• **INPUT DATA**
-- Opening Marker --

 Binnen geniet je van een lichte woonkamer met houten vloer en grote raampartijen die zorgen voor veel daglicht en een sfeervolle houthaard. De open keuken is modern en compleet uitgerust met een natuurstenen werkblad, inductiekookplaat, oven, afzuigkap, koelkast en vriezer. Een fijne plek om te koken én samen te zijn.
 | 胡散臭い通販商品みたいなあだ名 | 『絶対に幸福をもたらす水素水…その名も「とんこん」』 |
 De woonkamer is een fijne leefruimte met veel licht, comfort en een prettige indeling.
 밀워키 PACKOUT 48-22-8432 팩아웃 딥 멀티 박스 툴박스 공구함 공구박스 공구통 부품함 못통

-- Closing Marker --
-- Opening Marker --

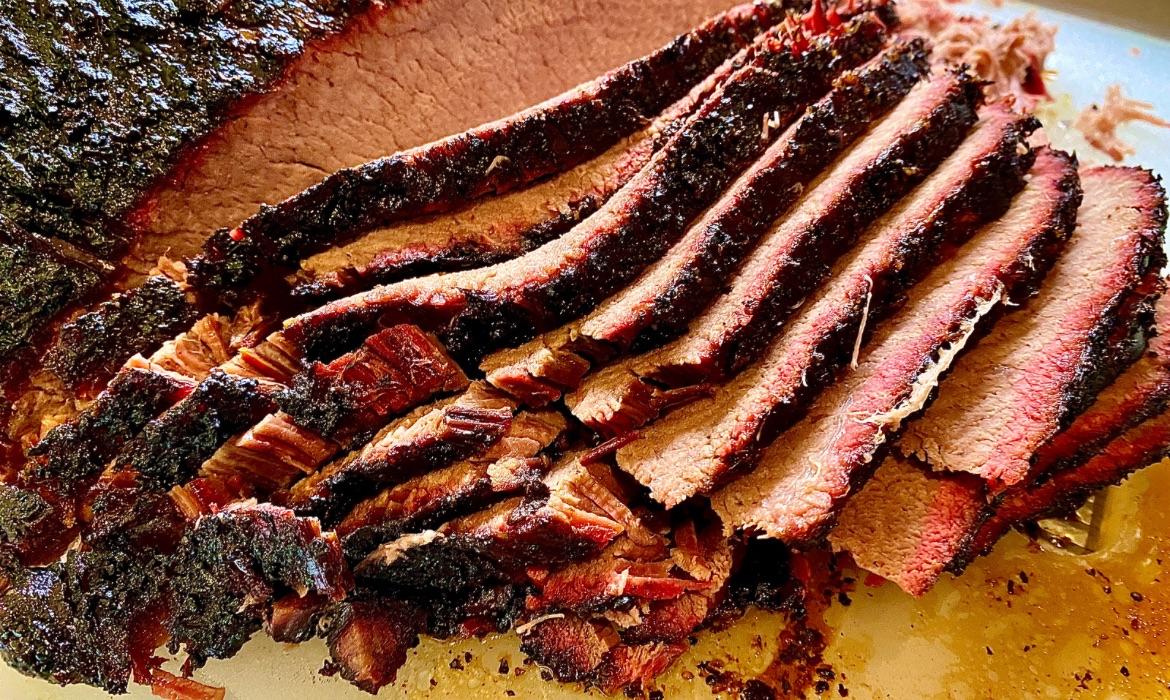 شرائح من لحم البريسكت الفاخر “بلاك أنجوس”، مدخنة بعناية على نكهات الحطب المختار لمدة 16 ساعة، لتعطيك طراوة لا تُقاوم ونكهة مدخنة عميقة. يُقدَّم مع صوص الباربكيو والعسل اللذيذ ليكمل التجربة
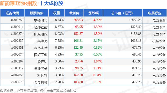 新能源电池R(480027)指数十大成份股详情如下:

-- Closing Marker --

• **WORK REQUEST**
Starting at the line above that contains "De woonkamer is", repeat each line exactly up to and including the line that contains "밀워키 PACKOUT 48-22-8432", and stop there.

• **OUTPUT OF THE TASK**
 De woonkamer is een fijne leefruimte met veel licht, comfort en een prettige indeling.
 밀워키 PACKOUT 48-22-8432 팩아웃 딥 멀티 박스 툴박스 공구함 공구박스 공구통 부품함 못통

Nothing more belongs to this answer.